そっか。これはデートじゃないから、触ってもいいってことなのかな。ああもう、そんなことどうでもいいや。
大人しく桔平くんに寄りかかると、頭を撫でてくれた。大きくて温かくて優しくて、すごく心地いい手。
胸の奥に、じわりと熱が広がる。全身を優しく包まれているような、大きな安心感。私はやっぱり、桔平くんに触れてほしかったんだな。そんなことを考えていたら、次第に意識が遠のいていった。
「愛茉、着いたよ」
桔平くんの声が遠くから聞こえる。返事をしたつもりだけど、ちゃんと声が出たかは分からない。突然ふわりと宙に浮いた感覚があって目を開けると、桔平くんの顔がすぐ近くにあった。

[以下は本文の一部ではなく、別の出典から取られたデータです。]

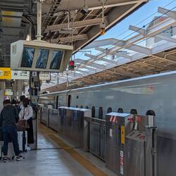 Uuuuund fahren heute das erste Mal mit dem Shinkansen🚅. Man sitzt richtig komfortabel, bemerkt die Geschwindigkeit kaum. Der Zug lehnt sich sogar in dieLæs mere

「大丈夫? オレ、両手が塞がっているから、自分で鍵を開けてくんねぇ?」
え、え、ちょっと待って。これって俗にいう「お姫様抱っこ」っていうやつでは? うそうそ、顔が近すぎ。声がすぐ耳元で聞こえる。
ていうか重いでしょ、絶対。桔平くん、そんなに腕力あったの?
「重くねぇから。すげぇ軽いよ。でも早く鍵開けて」
また心を読まれてしまった。どうして私の考えていることが分かるんだろう。
「こ、ここで大丈夫だから、下ろして」
「どう考えても歩ける状態じゃねぇだろ。別に部屋が散らかっていようがゴミ屋敷だろうが、気にしねぇって」
そうじゃなくて、この体勢がめちゃくちゃ恥ずかしいんだもん。密着しているし、桔平くんの顔が近すぎるし。
でもここでずっと押し問答するわけにいかないし、とりあえずオートロックの鍵を開けた。

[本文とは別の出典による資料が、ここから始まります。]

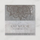 Mandala med metallisk silverbakgrundsyoga eller den holistic yrkevisitkorten. En subtil neutralt texturerade grått med striations av grått, metalliska grått och en älskvärd modern Sans Serif stilsort. Detta kort inspirerades av indiska Sarityger, men realiserade som en neutral palett ganska än en djärv palett. Sublety med en metallisk väderkorn. Ideal för en yogainstruktör, massageterapeuten, brunnsort servar och mer. En unik lownyckelblandning av neutralt och starkt grånar. Denna design är bäst som ställas ut på ett glansigt kortlagrar.

大丈夫っていう私の言葉を無視して、桔平くんはそのまま部屋へ向かう。
「なんだ、綺麗に片付いてんじゃん」
結局、抱き抱えられたままベッドまで運ばれてしまった。私、洗濯物そのままにしていなかったよね? 下着とか、ぶら下げていないよね?
「オレ、帰ったほうがいい?」
私を寝かせたあと、ベッドの横に座りながら桔平くんが言った。その表情から、本当に心配してくれているのが伝わってくる。
なんだかもう、頭がまったく回らない。ひとりになるのは心細い。そばにいてほしい。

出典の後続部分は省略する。